Maj dobry dla węgla

Transkrypt

Maj dobry dla węgla
Maj dobry dla węgla
Utworzono: czwartek, 07 lipca 2016
Autor: Anna Zych
Źródło: Trybuna Górnicza
Z raportu Euracoal opublikowanego w maju 2016 r. wynika, że ubiegły rok był pierwszym, w którym odnotowano spadek
produkcji węgla na świecie. Wydobycie obniżyło się do 7 mld t. Zarówno w przypadku węgla energetycznego (6,1 mld t),
jak i koksowego (900 mln t) spadek wyniósł po 100 mln t. Spadek produkcji węgla na świecie odzwierciedlał słabszy
wzrost w największych gospodarkach świata, ale paradoksalnie sytuacja ta przełożyła się na zauważalny wzrost cen
surowca.
Jak wskazuje opracowanie katowickiego Oddziału Agencji Rozwoju Przemysłu, już w maju br. światowy rynek węgla wykazywał
niewielkie ożywienie. Zdaniem analityków pewne ograniczenia podaży w skali globalnej pomogły w przywracaniu równowagi
cenowej. Czynnikiem, który wpłynął na niewielkie odbicie cen w europejskich portach, był wzrost notowań ropy naftowej w
rezultacie doniesień o mniejszych niż oczekiwano zapasach ropy w USA. Ponadto najniższy odnotowany w tym roku poziom
zapasów w ARA sprzyjał umacnianiu się cen węgla w portach europejskich. Łączne zapasy węgla w trzech terminalach węglowych
Europy Zachodniej (Amsterdam, Rotterdam, Antwerpia) zmniejszyły się aż o 36 proc., do 3,1 mln t.

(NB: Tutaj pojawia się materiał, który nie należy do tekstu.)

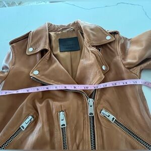 AllSaints Fern Dipdye Biker Sheep Leather Moto Jacket Cognac Brown Size US 4

Podobna tendencja nastąpiła w Richards Bay. Podczas gdy średni miesięczny eksport z tego portu szacowany jest na 6 mln t
surowca, pod koniec maja br. zgromadzone w nim zapasy spadły do 2,7 mln t. Eksperci wskazują, że zmniejszenie poziomu
zapasów może wpływać na pewną „nerwowość” odbiorców, którzy zaniepokojeni są także znacznymi wahaniami kursów walut.
ARP podaje, iż w regionie Azji i Pacyfiku od początku roku obserwowany jest stały wzrost cen wszystkich gatunków węgla. W
ostatnim tygodniu maja, wskutek obfitych opadów i powodzi w Indonezji i tym samym ograniczenia podaży, obserwowany był
zwiększony popyt w tej części rynku. Ponadto ograniczona podaż węgla z Chin, spowodowana zmniejszeniem krajowej produkcji w
połączeniu z nasilonymi powodziami na indonezyjskiej wyspie Kalimantan, spowodowała, że wielu australijskich producentów
ubiegało się o wyprzedaż wszystkich dostępnych przewozów na dostawy czerwcowe. Na wzrost cen węgla wpływ miały również
wyższe ceny stawek frachtowych z Newcastle do południowych Chin.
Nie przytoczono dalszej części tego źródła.